▸ Task goal:
Pictures appear among the records below and must be omitted. Repeat exactly the lines from the line with "Specially designed as" to the line with "Rings of white", both included.

▸ Input:
-- Opening Marker --
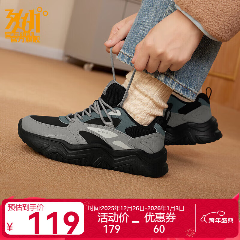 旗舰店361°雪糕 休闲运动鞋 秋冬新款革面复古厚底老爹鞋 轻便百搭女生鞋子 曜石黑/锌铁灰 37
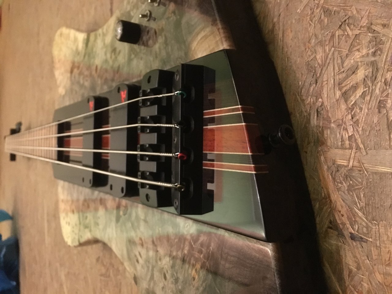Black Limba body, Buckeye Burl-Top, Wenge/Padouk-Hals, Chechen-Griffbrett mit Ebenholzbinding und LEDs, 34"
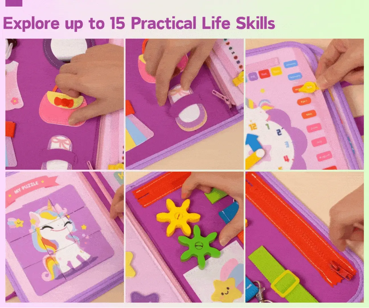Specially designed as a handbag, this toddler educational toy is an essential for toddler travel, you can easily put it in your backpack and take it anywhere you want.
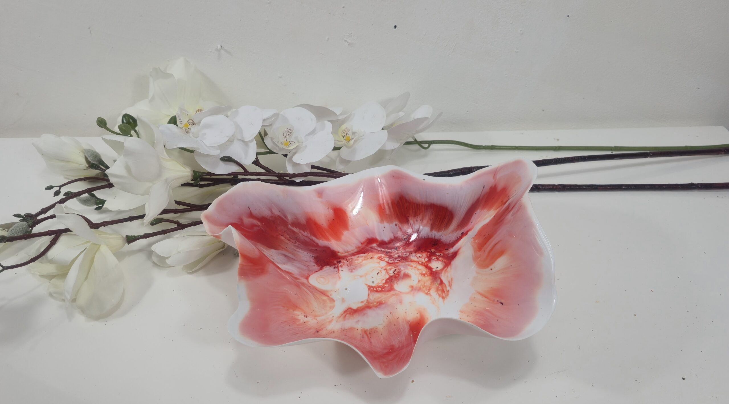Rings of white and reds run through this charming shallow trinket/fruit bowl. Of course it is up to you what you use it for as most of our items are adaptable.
-- Closing Marker --
-- Opening Marker --
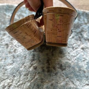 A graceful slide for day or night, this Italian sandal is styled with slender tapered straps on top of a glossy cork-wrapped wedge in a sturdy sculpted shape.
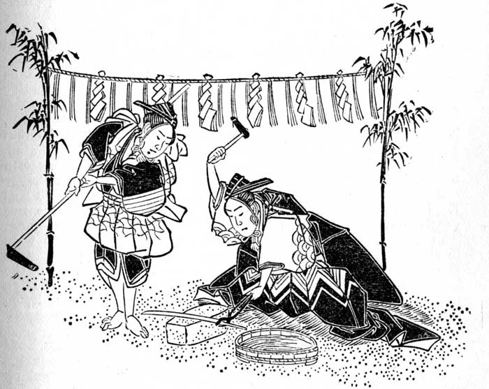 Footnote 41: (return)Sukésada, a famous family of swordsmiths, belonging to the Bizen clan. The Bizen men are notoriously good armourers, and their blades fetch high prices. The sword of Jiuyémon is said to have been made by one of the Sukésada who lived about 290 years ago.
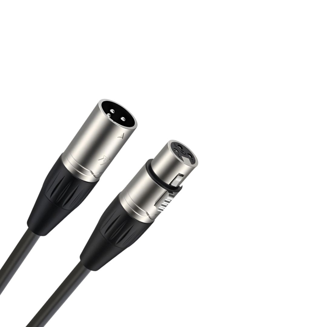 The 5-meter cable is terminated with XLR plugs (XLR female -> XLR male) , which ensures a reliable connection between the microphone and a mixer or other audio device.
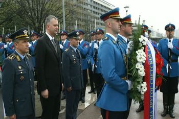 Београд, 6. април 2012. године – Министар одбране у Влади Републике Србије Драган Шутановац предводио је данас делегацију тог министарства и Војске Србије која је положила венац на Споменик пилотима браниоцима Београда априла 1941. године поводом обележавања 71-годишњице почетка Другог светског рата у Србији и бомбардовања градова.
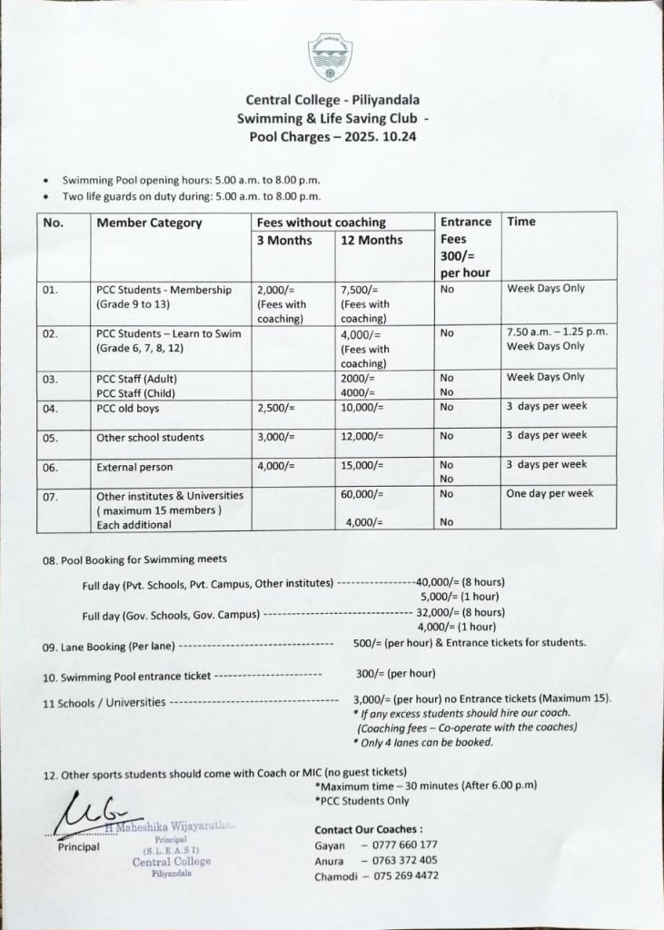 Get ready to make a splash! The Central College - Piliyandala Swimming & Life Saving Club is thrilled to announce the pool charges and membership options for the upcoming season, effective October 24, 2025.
-- Closing Marker --
▸ Task answer:
Specially designed as a handbag, this toddler educational toy is an essential for toddler travel, you can easily put it in your backpack and take it anywhere you want.
Rings of white and reds run through this charming shallow trinket/fruit bowl. Of course it is up to you what you use it for as most of our items are adaptable.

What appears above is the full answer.